Este artigo demonstrou que o intenso trânsito de intelectuais e impressos entre o Brasil, a Argentina e o Uruguai serviram para dinamizar a luta antifascista tanto no plano interno aos países quanto no âmbito internacional. Da mesma forma, os deslocamentos e as trocas realizadas no seio da luta antifascista serviram para reforçar o caráter transnacional do antifascismo, que possuía características locais e ao mesmo tempo globais.

Neste contexto, o exílio de intelectuais foi mais um elemento que favoreceu os intercâmbios políticos e culturais. Por meio das atividades de imprensa, da publicação de jornais e revistas, da inserção de reportagens e relatos nos meios impressos já existentes, da circulação de correspondências, da tradução e publicação de livros e da participação de atos públicos, estes intelectuais auxiliaram a fortalecer a luta contra os governos autoritários e contra o fascismo.

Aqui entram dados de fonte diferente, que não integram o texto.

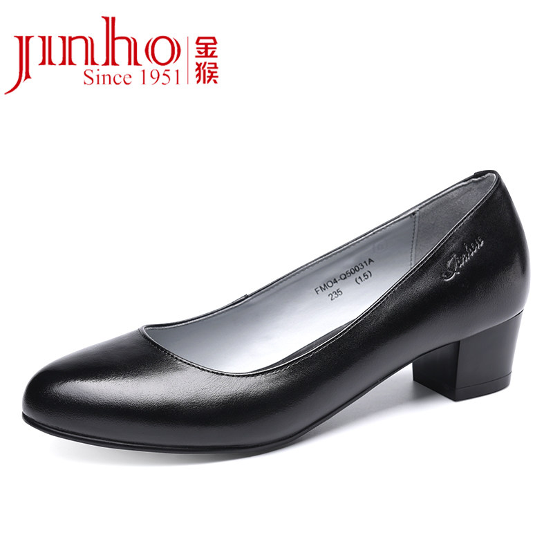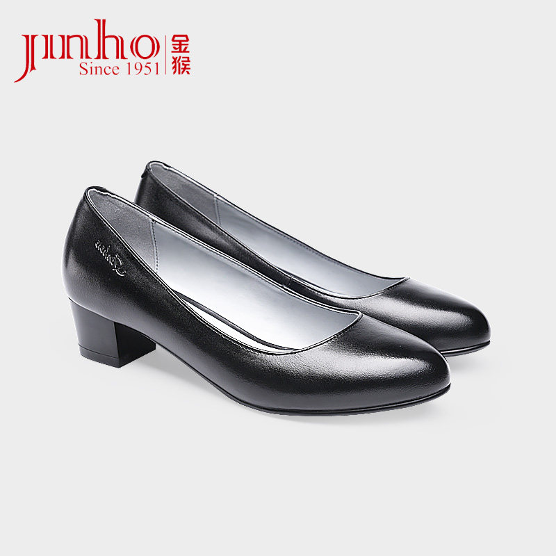 Golden monkey leather shoes women's pointed toe square heel shallow mouth black single shoes one-leg set women's professional dress commuter leather shoes
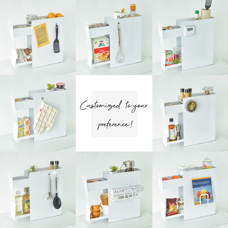 たったの『10cm』に全て収まる!溢れんばかりにあるコンロ横の調味料を、サッと隠してひとまとめ。サイズの異なる2段式なので、大きいものも小さいものも全て入ります。

O exílio dos brasileiros nos países do Prata serviu ainda para a divulgação da situação política brasileira nos países vizinhos, ao intercâmbio cultural e à articulação de uma solidariedade aos presos políticos encarcerados naquele momento no Brasil. Ao colocar a situação brasileira em destaque, as pressões internacionais e a visibilidade da própria causa fizeram com que a Aliança Nacional Libertadora (ANL) parecesse estar mais atuante do que a dura realidade da repressão policial no país permitia.